Here are the definitions:

Electronic Record: Any combination of text, graphics, data, audio, or pictorial information represented in digital form that is created, modified, maintained, archived, retrieved or distributed by a computer.

Electronic Signature: A compilation of any symbol(s) executed to be the legally binding equivalent of an individual’s handwritten signature.

Handwritten Signature: The scripted name or legal mark of an individual handwritten by that individual and executed or adopted with the present intention to authenticate a writing in a permanent form.

Digital Signature: An electronic signature based upon cryptographic methods of originator authentication, computed by using a set of rules and a set of parameters such that the identity of the signer and the integrity of the data can be verified.

A SHORT HISTORY OF THE RULE

In early 1991, key groups who operated within the pharmaceutical industry met the FDA to determine how the industry would deal with electronic record keeping systems that fell within the age old GMP regulations. Over the next few years these groups alongside the FDA started to build out the early versions of the rules we are governed by today, with the final rule becoming effective on August 20th, 1997. From the year 2000, the FDA stated that alongside the released criteria, they would consider electronic records to carry the same compliance requirements as paper records, and including electronic signatures as an equivalent to the traditional wet ink handwritten signatures. From the year 2000 to now (2014), the FDA has released a number of guidance papers in response to the changing landscape in an effort to clarify the rule and how it should be interpreted. Here’s a short chronological history:

1991 – Project Launched
1992 – Advanced Notice
1994 – Proposed Rule
1997 - Final Rule
2000 – Electronic Records
1999 – Computerized Systems Used in Clinical Trials (CSUCT)
2003 – “Scope and Application” Guidance
2004 – Draft Computerized Systems Used in Clinical Trials Guidance
2007 – Final Guidance Published

CONFUSION AND CONTROVERSY

In essence, the rule is designed to allow life science organizations the greatest flexibility in implementing the required controls, but is highly open to interpretation. There has been much controversy and confusion about Part 11 over the years, with doubts of its comprehensiveness being a key argument. The constant revision of its guidance documents and the continuous redirection of the rule plagued opinions and have only now started to clear some of the confusion.

WHY DO WE NEED IT?

By introducing the 21 CFR Part 11 rule, the FDA have essentially enabled the Life Science community and other FDA regulated industries to streamline business processes, reduce turnaround time and costs, all by establishing standard criteria for the use of electronic records and signatures. If it were not for this rule, we would be unable to manage records and other content electronically, significantly increasing the risk of human errors, increasing operational costs and increasing time-to-market for pharmaceutical products.
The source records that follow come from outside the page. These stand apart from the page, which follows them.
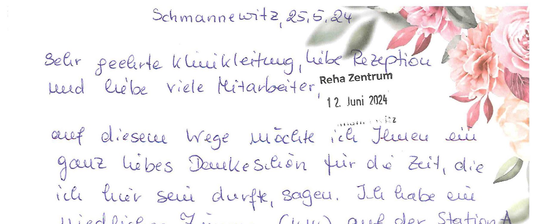 Das Zentrum für Rehabilitation Schmannewitz hat von einer zufriedenen Rehabilitandin einen Dankesbrief erhalten, den wir Ihnen nicht vorenthalten und daher im Folgenden veröffentlichen möchten. Vielen Dank für die wertschätzenden Worte!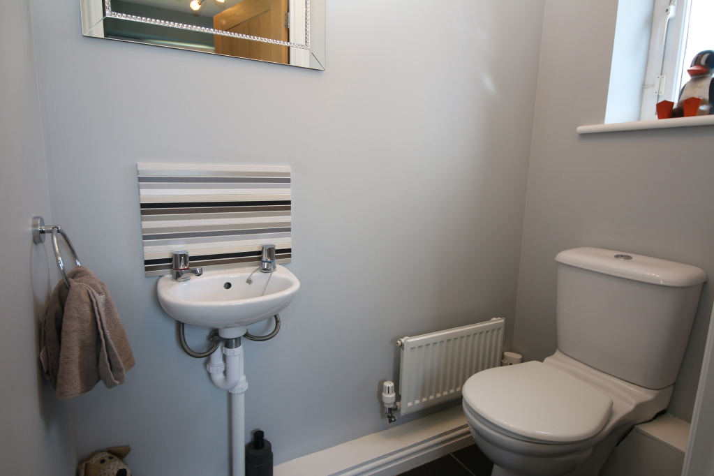 Cloakroom/WC 0.91m x 1.64m Double glazed window to side, low level WC, wash hand basin and radiator.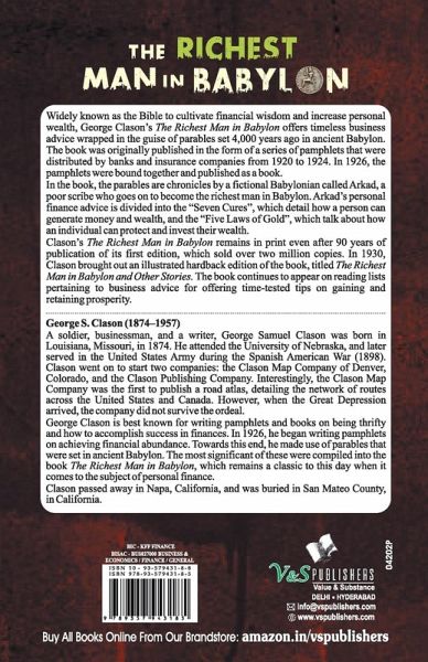 Widely known as the bible to cultivate financial wisdom and increase personal wealth, George Clason's The Richest Man in Babylon offers timeless business advice wrapped in the guise of parables set 4,000 years ago in ancient Babylon. The book was originally published in the form of a series of pamphlets that were distributed by banks and insurance companies from 1920 to 1924. In 1926, the pamphlets were bound together and published as a book. In the book, the parables are chronicles by a fictional Babylonian called Arkad, a poor scribe who goes on to become the richest man in Babylon. Arkad's personal finance advice is divided into the "Seven Cures", which detail how a person can generated money and wealth, and "Five Laws of Gold", which talk about how an individual can protect and invest their wealth. Clason's The Richest Man in Babylon remains in print even after 90 years of the publication of its first edition, which sold over two million copies. In 1930, Clason brought out an illustrated hardback edition of the book, titled The Richest Man in Babylon and Other Stories. The book continues to appear on reading lists pertaining to business advice for offering time-tested tips on gaining and retaining prosperity.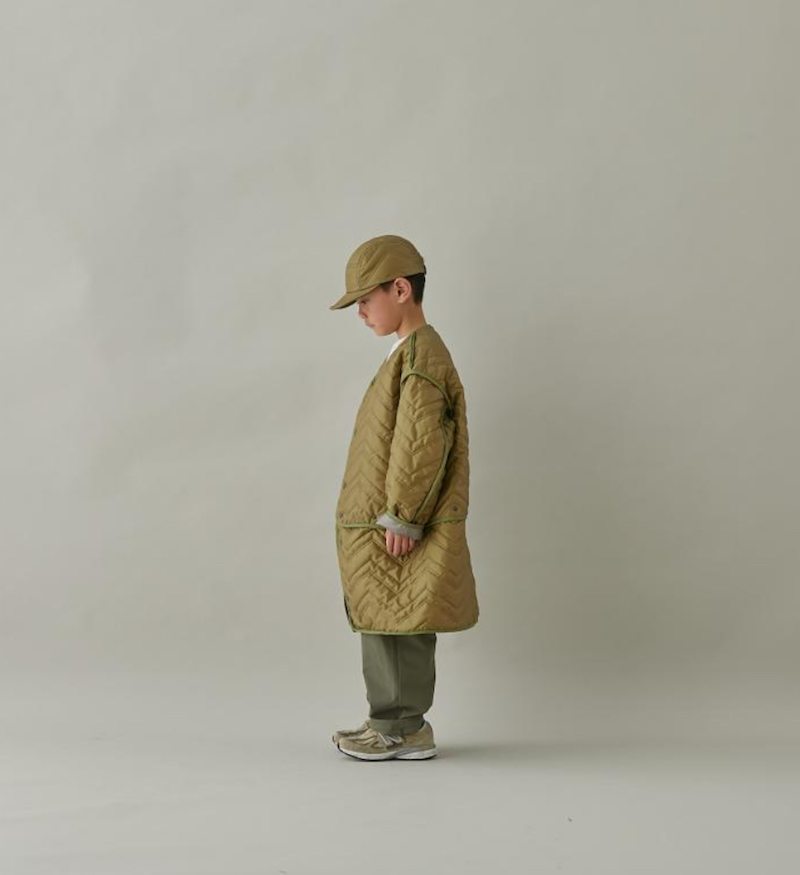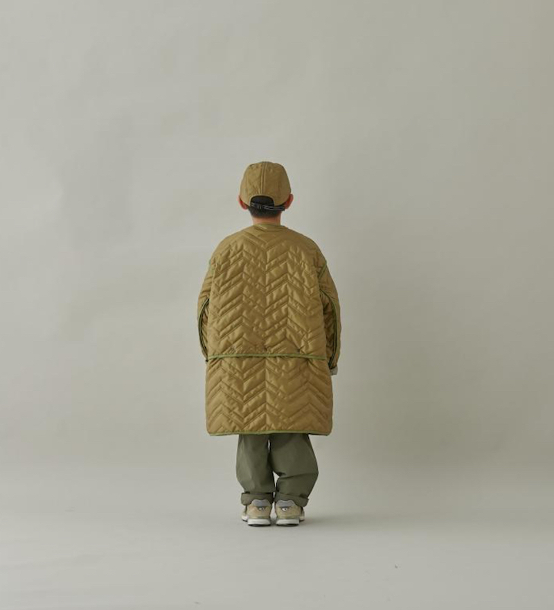 ミリタリーコートのキルティングライナーをモチーフにした、ゆったりとしたワイドシルエットのコート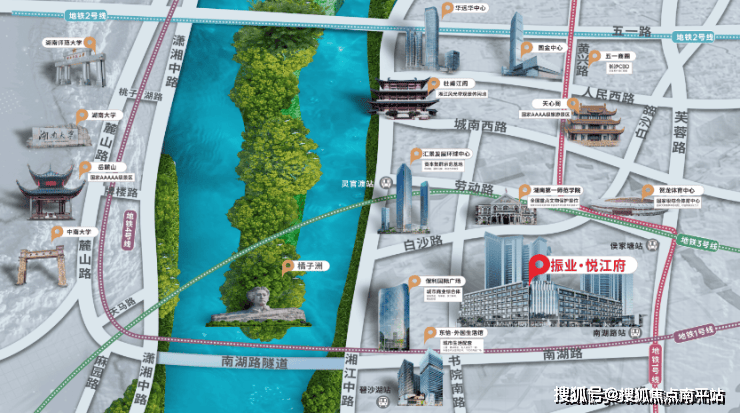城市依水而兴,人类逐水而迁,湘江涵养诸多历史人物,湘江东岸更堪称豪宅聚集区。步行约5分钟即达湘江风光带,与橘子洲头、岳麓山隔江相望,江上风光与城市高端生活气质尽显。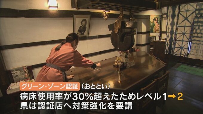 県内の病床使用率が30%を超えたことなどから県は、11月14日にグリーン・ゾーン認証のレベルを1段階引き上げて2とし、認証店に対策の強化を要請しました。

WHAT YOU NEED TO THINK ABOUT

There are three main areas in which FDA regulated companies must look at as primary areas of focus when dealing with 21 CFR Part 11:

Features of Your System - In accordance with 21 CFR Part 11 there are a range of features that you are required to have in place when implementing a computer system to manage electronic records and processes. Assurances for audit trail functionality, electronic signatures, security and data integrity, records retention and file formats are to name but a few.
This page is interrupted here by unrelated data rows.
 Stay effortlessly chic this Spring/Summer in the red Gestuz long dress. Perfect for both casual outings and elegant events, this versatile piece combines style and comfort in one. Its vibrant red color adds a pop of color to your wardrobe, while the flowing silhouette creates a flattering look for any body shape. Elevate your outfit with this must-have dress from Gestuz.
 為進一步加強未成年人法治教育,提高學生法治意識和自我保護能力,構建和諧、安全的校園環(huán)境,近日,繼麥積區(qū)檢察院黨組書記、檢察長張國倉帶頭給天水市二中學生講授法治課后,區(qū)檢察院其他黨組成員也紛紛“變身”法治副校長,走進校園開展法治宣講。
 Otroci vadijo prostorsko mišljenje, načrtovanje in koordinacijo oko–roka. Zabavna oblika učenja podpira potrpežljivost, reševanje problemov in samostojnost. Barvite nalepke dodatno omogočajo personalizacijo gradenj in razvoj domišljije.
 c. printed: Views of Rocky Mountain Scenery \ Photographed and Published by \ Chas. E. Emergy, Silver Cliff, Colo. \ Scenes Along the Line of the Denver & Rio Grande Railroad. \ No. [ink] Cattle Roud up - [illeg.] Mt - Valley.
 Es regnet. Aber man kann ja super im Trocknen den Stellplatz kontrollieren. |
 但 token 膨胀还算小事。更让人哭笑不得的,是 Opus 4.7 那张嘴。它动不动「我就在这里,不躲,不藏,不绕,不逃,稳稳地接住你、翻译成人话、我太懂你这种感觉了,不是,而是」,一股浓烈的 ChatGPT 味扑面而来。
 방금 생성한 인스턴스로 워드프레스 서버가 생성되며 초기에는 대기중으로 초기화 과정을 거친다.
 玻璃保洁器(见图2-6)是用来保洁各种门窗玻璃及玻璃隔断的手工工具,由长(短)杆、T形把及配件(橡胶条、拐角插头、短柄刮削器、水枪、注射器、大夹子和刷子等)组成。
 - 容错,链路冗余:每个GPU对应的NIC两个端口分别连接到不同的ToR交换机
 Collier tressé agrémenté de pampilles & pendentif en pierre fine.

Standard Operating Procedures - As with all regulated industries, the companies that operate within them use Standard Operating Procedures (SOP’s) to govern and describe how they are to do things. Currently in accordance with Part 11, there are around 9 IT SOP’s needed to address the IT Infrastructure requirements.
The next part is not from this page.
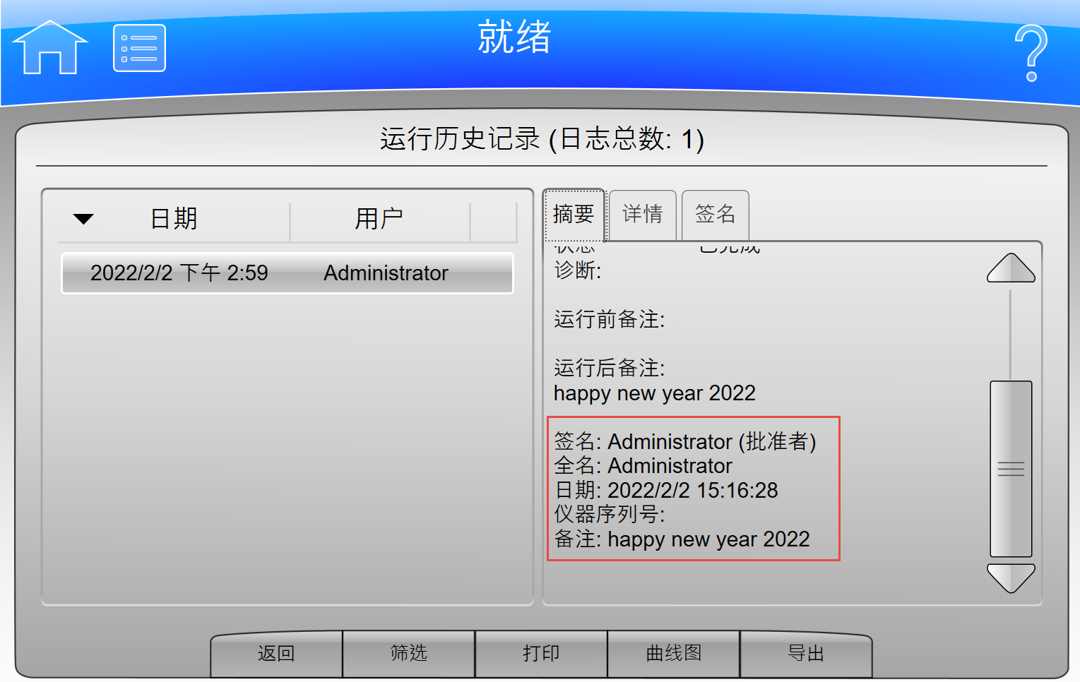 上图:以PDF格式输出的运行记录包含了电子签名、备注以及运行曲线图等信息。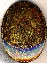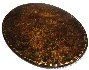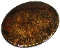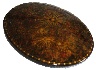 This brooch shows several flowers painted with a thin brush in gold against the beautiful background painted also in gold paint with the addition of brown paints. The edges of the brooch are decorated with elegant gold pattern that consists of gold beads of different size. The backside of the brooch covered with black lacquer has a big pin to be attached to your clothes. This stylish brooch will perfectly decorate your costume! The work is signed with the artist's name, the village of Palekh and the year of 2004.

System Validation – When implementing an electronic system for the use in regulated activities, you have to ensure that you document that the electronic system is fit for its intended use. In other words, demonstrate that your system does what it should do. You must also have controls in place that allow you to identify when the system doesn’t function as per its intended use. Here you should be utilizing your SOP’s and industry best practices (such as outlined in GAMP 5) to facilitate the validation process.